──────── Given data
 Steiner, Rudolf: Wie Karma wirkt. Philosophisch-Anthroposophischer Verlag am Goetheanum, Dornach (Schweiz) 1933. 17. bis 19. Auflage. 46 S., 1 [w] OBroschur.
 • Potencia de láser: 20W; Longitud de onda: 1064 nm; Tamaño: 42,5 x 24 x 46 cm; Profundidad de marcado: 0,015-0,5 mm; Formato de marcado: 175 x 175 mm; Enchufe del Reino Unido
────────────────
──────── Given data
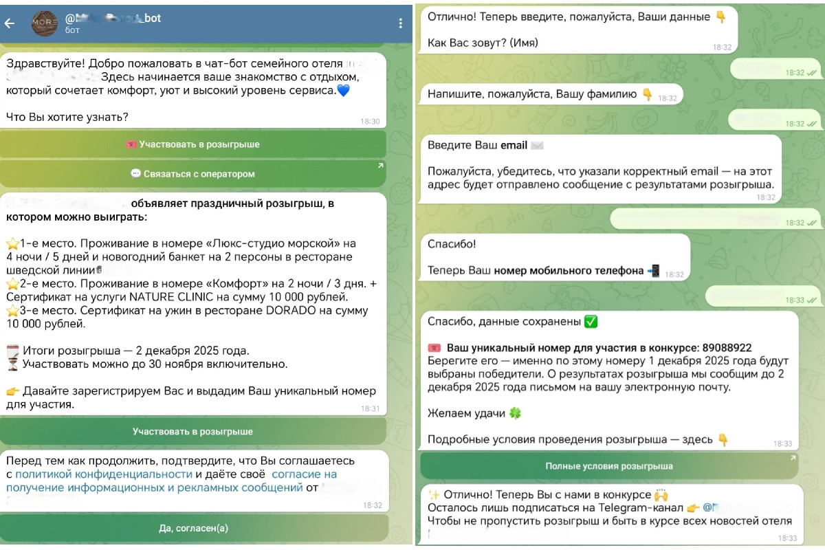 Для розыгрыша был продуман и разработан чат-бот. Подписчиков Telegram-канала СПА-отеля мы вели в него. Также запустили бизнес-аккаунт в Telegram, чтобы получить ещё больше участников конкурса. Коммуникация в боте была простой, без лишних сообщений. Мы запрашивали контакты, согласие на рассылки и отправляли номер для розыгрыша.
────────────────
Aim of the exercise: Within the listing above, the range opens at the line with "Steiner, Rudolf: Wie" and closes at the line with "del Reino Unido". Reproduce exactly the lines of that range, including both ends.

Task response:
 Steiner, Rudolf: Wie Karma wirkt. Philosophisch-Anthroposophischer Verlag am Goetheanum, Dornach (Schweiz) 1933. 17. bis 19. Auflage. 46 S., 1 [w] OBroschur.
 • Potencia de láser: 20W; Longitud de onda: 1064 nm; Tamaño: 42,5 x 24 x 46 cm; Profundidad de marcado: 0,015-0,5 mm; Formato de marcado: 175 x 175 mm; Enchufe del Reino Unido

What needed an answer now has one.